Traditional model fitting use a nonlinear least-squares approach, but Bayesian methods have some advantages, especially with more complex data sets. We added an option to fit a single Bayesian light-response curve using the amazing [**brms**](https://CRAN.R-project.org/package=brms) package which fits models in [*Stan*](https://mc-stan.org/). We have not implemented more complex approaches (e.g. multilevel light-response models) because once you are doing that, it's probably easier to code the model directly into **brms** functions. Hopefully this code can get you started though. We have not run the example below, but copy-and-paste into your *R* Console to try.

```{r, eval = FALSE}

fit = fit_photosynthesis(
  .data = filter(dat, group == 600),
  .photo_fun = "aq_response",
  .vars = list(.A = A, .Q = Qabs),
  .method = "brms",
  brm_options = list(chains = 1)
)

# The 'fit' object inherits class 'brmsfit' and many methods can be used
summary(fit)

```



### Fit the light-response curve with photoinhibition using nonlinear least-squares (nls)

```{r, message = FALSE}
#| fig.alt: >
#|   Example of fitted light-response curve with photoinhibition

library(broom)
library(dplyr)
library(tibble)
library(photosynthesis)

# Simulate data
set.seed(202411123)

## Parameters 
k_sat = 30
phi_J = 0.05
theta_J = 0.8
Rd = 3
b_inh = 0.003

## Vector of light values
Q = c(0, 25, 50, 75, 100, 125, 150, 200, 300, 400, 500, 600, 700, 800, 1000, 1200, 1400, 1600, 1800, 2000)

dat = tibble(
  Qabs = 0.84 * Q,
  A = photoinhibition(Qabs, k_sat, phi_J, theta_J, b_inh) - Rd + rnorm(length(Qabs), 0, 0.1)
)

# Fit one light-response curve
fit = fit_photosynthesis(
  .data = dat,
  .photo_fun = "aq_response",
  .model = "photoinhibition",
  .vars = list(.A = A, .Q = Qabs),
)

# The 'fit' object inherits class 'nls' and many methods can be used

## Model summary:
summary(fit)

## Estimated parameters:
coef(fit)

## 95% confidence intervals:
confint(fit)

## Tidy summary table using 'broom::tidy()'
tidy(fit, conf.int = TRUE, conf.level = 0.95)

```

## Plot model fit and raw data

```{r}

library(ggplot2)

b = coef(fit)

df_predict = data.frame(Qabs = seq(0, 0.84 * 2000, length.out = 100)) |>
  mutate(
    A = photoinhibition(
      Q_abs = Qabs,
      k_sat = b["k_sat"],
      b["phi_J"],
      b["theta_J"],
      b["b_inh"]
    ) - b["Rd"]
  )

ggplot(mapping = aes(Qabs, A)) +
  geom_line(data = df_predict) +
  geom_point(data = dat) +
  labs(
    x = expression("Irradiance (" * mu * mol ~ m^{-2} ~ s^{-1} * ")"),
    y = expression(A[net] ~ "(" * mu * mol ~ m^{-2} ~ s^{-1} * ")")
  ) +
  theme_bw()

```

## Deprecated version (**photosynthesis** <= 2.1.1)
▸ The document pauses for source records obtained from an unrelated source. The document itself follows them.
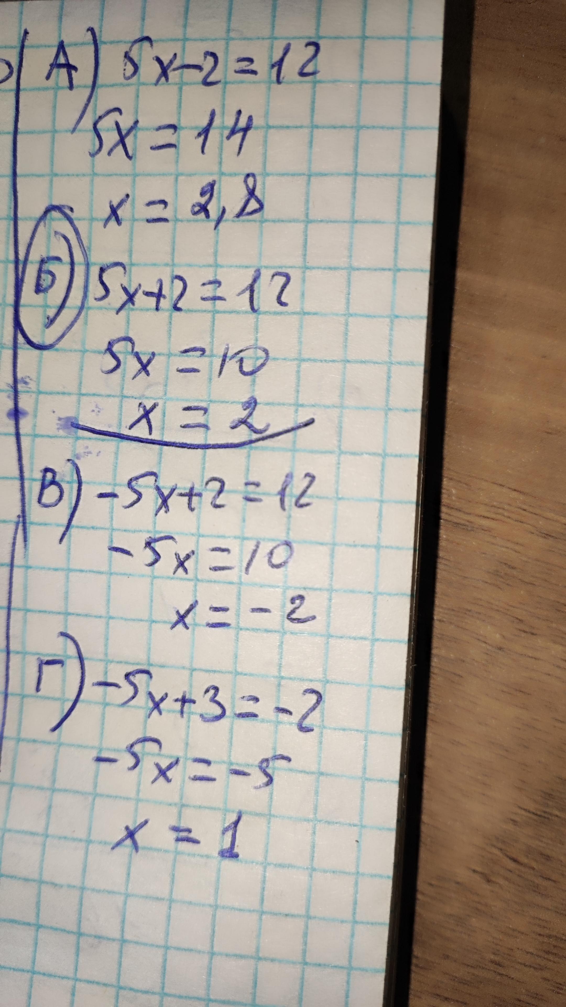 Коренем якого з рівнянь є число 2?А 5х-2=12 Б 5х+2=12 В -5х+2=12 Г -5х+3=-2 Завдання розписать срочно ..... даю лутший ответ
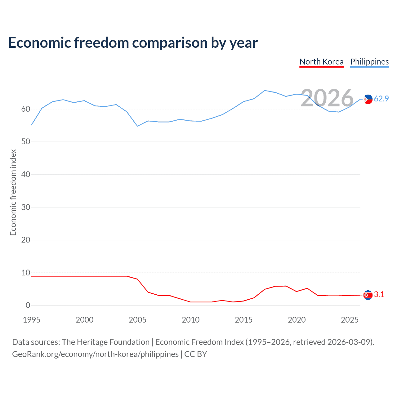 The Economic Freedom Index for North Korea is 3.1, ranking 197/197, compared to 62.9 for the Philippines, ranking 85/197. The chart above displays a comparison of annual changes in economic freedom indexes.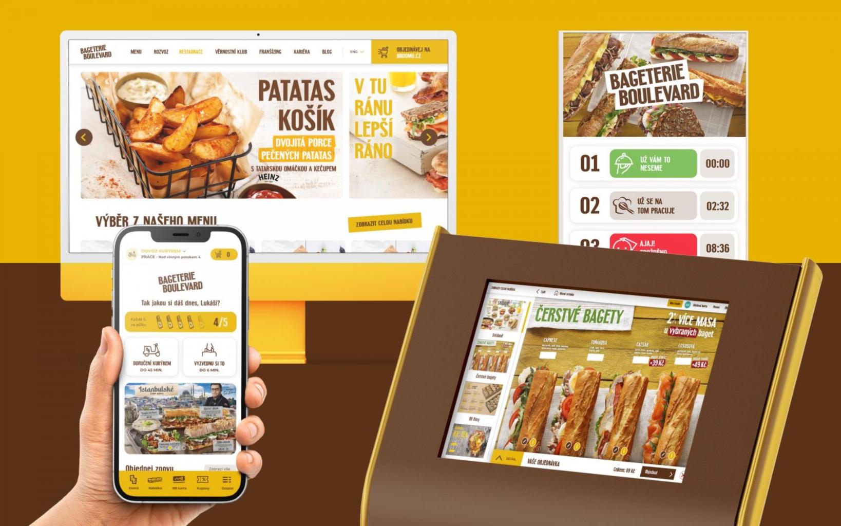 Pro Bageterii Boulevard jsme vytvořili jednotný a propracovaný designový styl, který zajišťuje konzistenci na všech platformách a ve všech prostředích. Tento styl se promítá do designu webové stránky, mobilní aplikace, samoobslužných kiosků a inovativního informačního systému Solariboard, což posiluje identitu značky.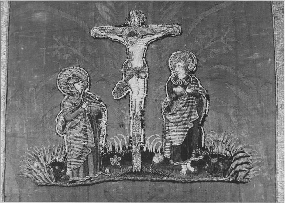 Bourse de corporal représentant la Crucifixion. Montage sur un tissu moderne.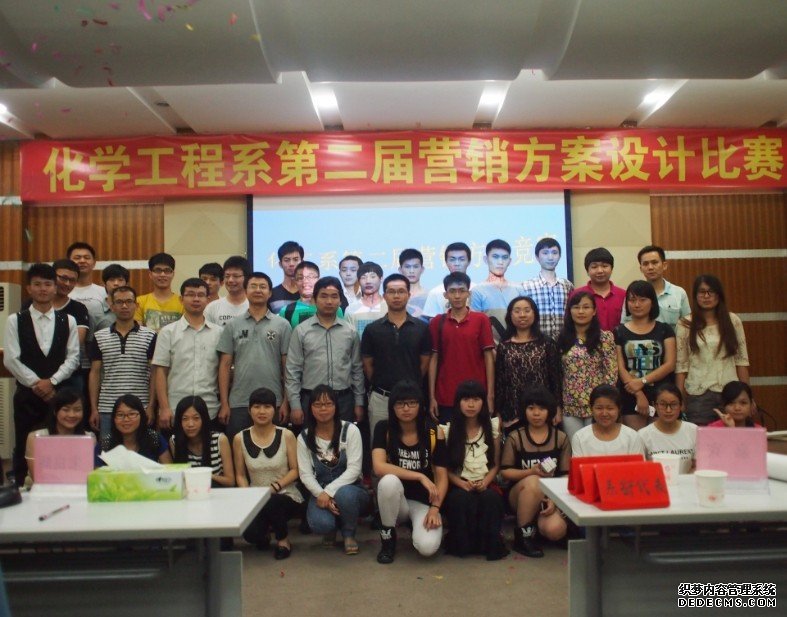 为了进一步丰富培养化工系全体同学的创新意识和创业精神, 2014年5月18日晚,我系在教学楼AT21举办化学工程系第二届营销方案设计大赛。本次比赛邀请了朱良辉老师、张利雄老师、孙警老师、黄淯斌老师作为此次活动的评委,系领导老师赖少坤副书记、刘淑媛老师、林桂生老师、谢晓龙老师、王宜民老师出席了本次比赛并为参赛选手颁奖。院团委会代表、社联代表、广播站代表、各协会代表、各系部代表以及六队参赛选手也参加了活动。本次比赛由梁南峰、陈馥芝主持。
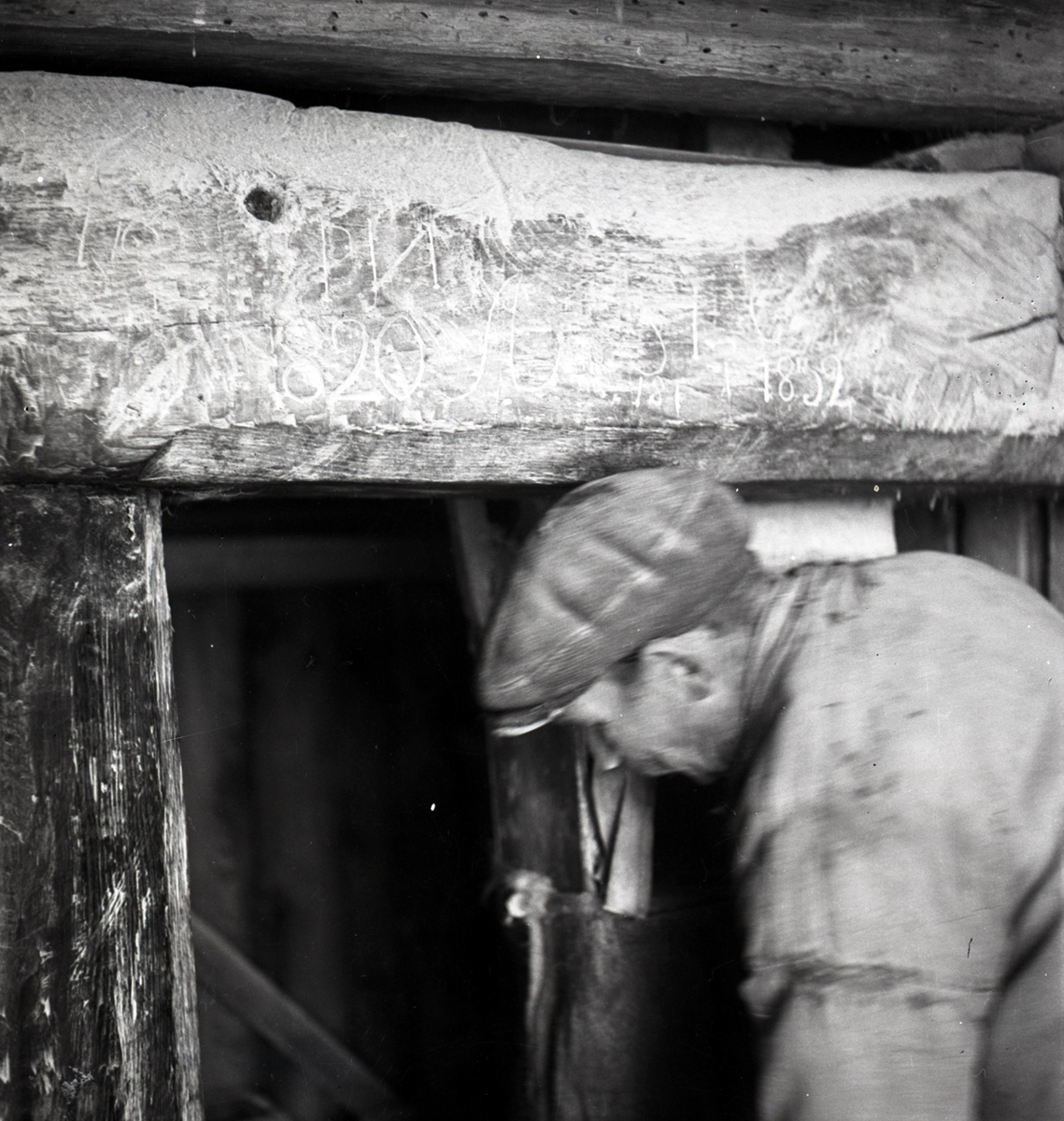 Väderkvarnsinteriör från Uggletorp med inskription på bjälke.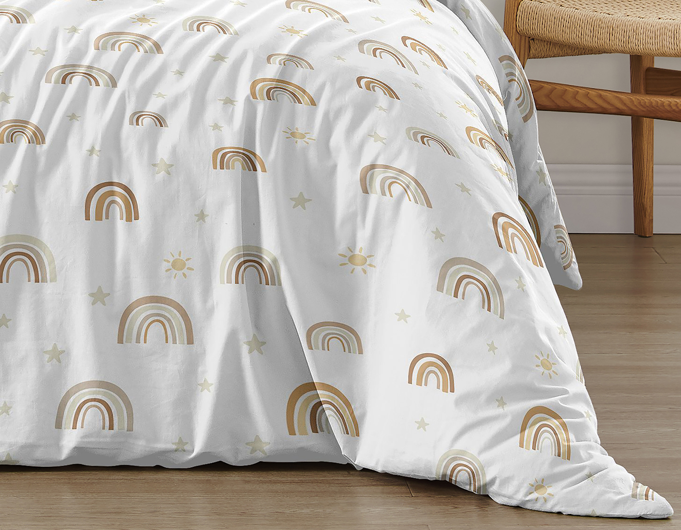 The 4pc Boho Rainbow Taupe twin bedding collection by Sweet Jojo Designs will create a fun and modern look for your bedroom. This vintage bohemian unisex bedding set uses a sensational collection of exclusive brushed microfiber fabrics and features a hand drawn multicolored rainbow print. The neutral color palette of mustard yellow, pumpkin orange, gold, taupe, beige and tan will set your bedroom up in sunshine style. This Sweet Jojo Designs set is machine washable for easy care and repeated use.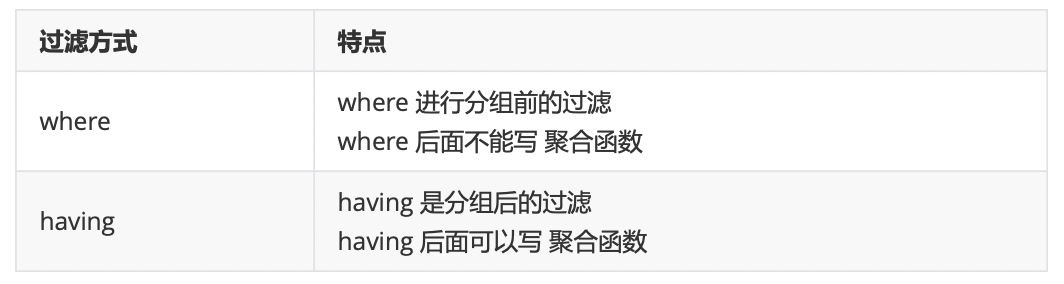# 查詢平均薪資大于6000的部門-- 需要在分組后再次進行過濾,使用 having SELECTdept_name ,AVG(salary)FROM emp WHERE dept_name IS NOT NULL GROUP BY dept_name HAVING AVG(salary) > 6000 ;where 與 having 的區別: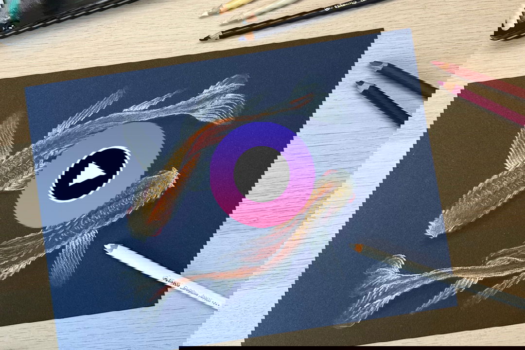 Du benötigst: Schwarzes Papier und den  STABILO CarbOthello in Weiß, Dunkelblau und verschiedenen Rot-, Orange- & Gelbtönen.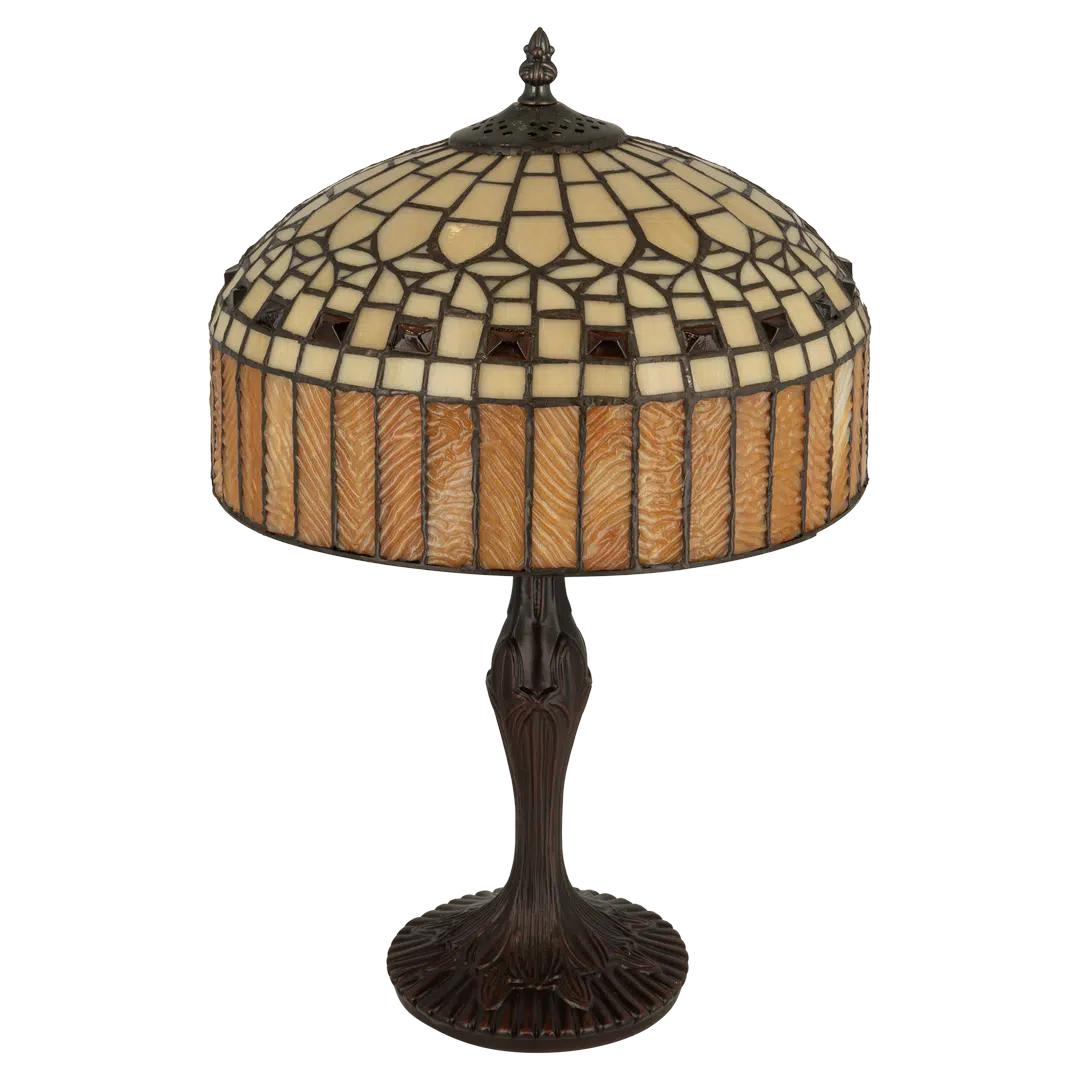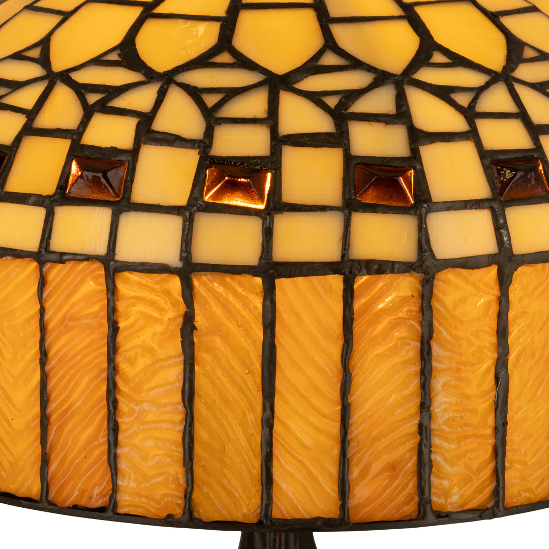 Tiffany tafellamp – Geometrisch & Amber – Ø 30,5 × H 47 cm (Art. 7034)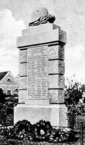 Denkmal für die Gefallenen des 1. Weltkriegs: Hohe Wand aus Steinblöcken mit Widmungs- und Namenstafel, sowie krönendem Stahlhelm und Ehrenkranz (abgerissen).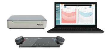 Equinox Evo is a PC-based clinical audiometer offering all the tools you need to test patients of all ages and clinical needs. It contains advanced tests, such as ACT, an integrated paediatric module and free field testing. The audiometer keyboard combines an intuitive touch interface with familiar dials and buttons. It can be used wirelessly to be close to your patients.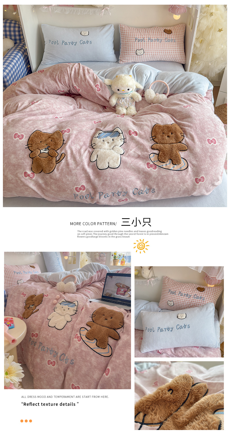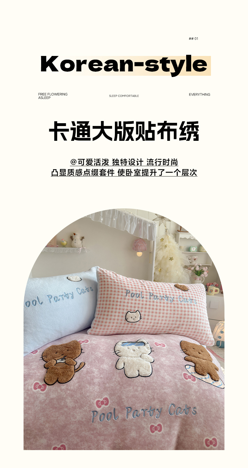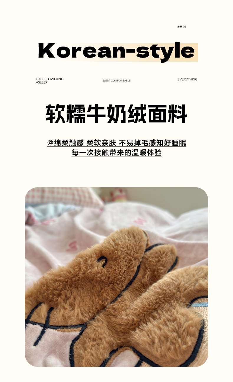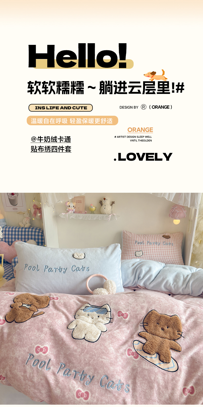 当前位置: 91家纺网 > 商品网购 > 床品套件 > 四件套 > 牛奶绒四件套 > 罗亿家纺 2025新款A类兔毛贴布绣刺绣牛奶绒四件套-小红书推荐(提供买家秀) 三小只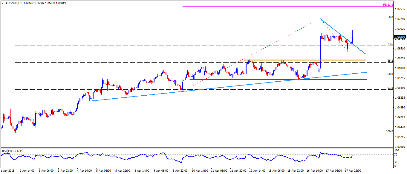 AUD/NZD is on the bids near 1.0680 during early Thursday. The pair broke a day-old trend-line resistance after Australia’s employment data broadly portrayed upbeat scenario.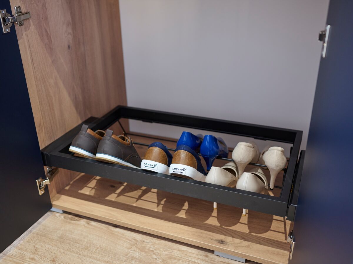 Au cœur de ce dressing bleu, une niche centrale fait office de coiffeuse, créant un espace personnel élégant où miroir et éclairage LED se conjuguent pour un confort optimal. Les étagères ajustables et les range-chaussures coulissants transforment le rangement en un véritable jeu d'enfant, accueillant jusqu'à 8 paires dans un système aussi pratique qu'esthétique.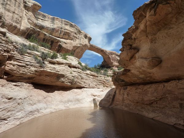 Die „Natural Bridges“ im gleichnamigen „National Monument“ haben uns gelockt, und da wir ja gleich immer alles wollen, haben wir den Trail zu den drei durch Wasser erodierten Steinbrücken mal locker kombiniert und so „Sipapu Bridge“, „Kachina Bridge“ und „Owachomo“ gesichtet. Auf dem Papier sieht alles so einfach aus. Doch nun...unser Schweiß tropft über Stock und über Stein in den weichen Sand hinein...und immer länger zieht sich der erbarmungslose Weg dahin, die Luft steht, Georg vor mir sehe ich nur noch unscharf flirrend dahinstapfen. Fünf Liter Wasserproviant sind schon aufgebraucht, die Sandwiches verzehrt und gerade als ich denke „ich kann nicht mehr denken, nicht mehr laufen, nicht mehr sprechen und sowieso überhaupt nichts mehr“ schaffen wir es gerade noch so zum Parkplatz zurück, meine Beine gehen selbstständig, der Kopf ist überhitzt und hat sich abgemeldet, nur der rettende Anblick unseres wunderbaren Autos erleichtert mich, ein Ruck geht durch mein abgeschaltenes, weich gekochtes Gehirn, denn endlich safe, gerettet, in Sicherheit. Heureka! Weiter hätte es nicht sein dürfen – gerade mal noch so geschafft! Kreidebleich, entkräftet, entwässert und entsalzt schleppe ich mich die letzten Meter und ziehe mich den Beifahrersitz hoch, in den rettenden Schatten des Autos.Danach gibt´s nur drei Dinge zu tun, Grundbedürfnisse stillen:

The `fit_aq_response()` function is the original version, but we are no longer updating it and may phase it out of future releases. Use `fit_photosynthesisi(..., .photo_fun = 'aq_response')` instead.

```{r, message = FALSE}

library(dplyr)
library(photosynthesis)
# Read in your data
dat = system.file("extdata", "A_Ci_Q_data_1.csv", package = "photosynthesis") |>
  read.csv() |>
  # Set grouping variable
  mutate(group = round(CO2_s, digits = 0)) |>
  # For this example, round sequentially due to CO2_s setpoints
  mutate(group = as.factor(round(group, digits = -1))) |>
  rename(A_net = A, PPFD = Qin)

# To fit one AQ curve
fit = fit_aq_response(filter(dat, group == 600))

# Print model summary
summary(fit[[1]])

# Print fitted parameters
fit[[2]]

# Print graph
fit[[3]]

# Fit many curves
fits = fit_many(
  data = dat,
  funct = fit_aq_response,
  group = "group",
  progress = FALSE
)

# Look at model summary for a given fit
# First set of double parentheses selects an individual group value
# Second set selects an element of the sublist
summary(fits[[3]][[1]])

# Print the parameters
fits[[2]][[2]]

# Print the graph
fits[[3]][[3]]

#Compile graphs into a list for plotting
fits_graphs = compile_data(fits, list_element = 3)

# Print graphs to jpeg
# print_graphs(data = fits_graphs, path = tempdir(), output_type = "jpeg")

#Compile parameters into data.frame for analysis
fits_pars = compile_data(fits, output_type = "dataframe", list_element = 2)

```

# References

Marshall B, Biscoe P. 1980. A model for C3 leaves describing the dependence of net photosynthesis on irradiance. *Journal of Experimental Botany* 31:29-39.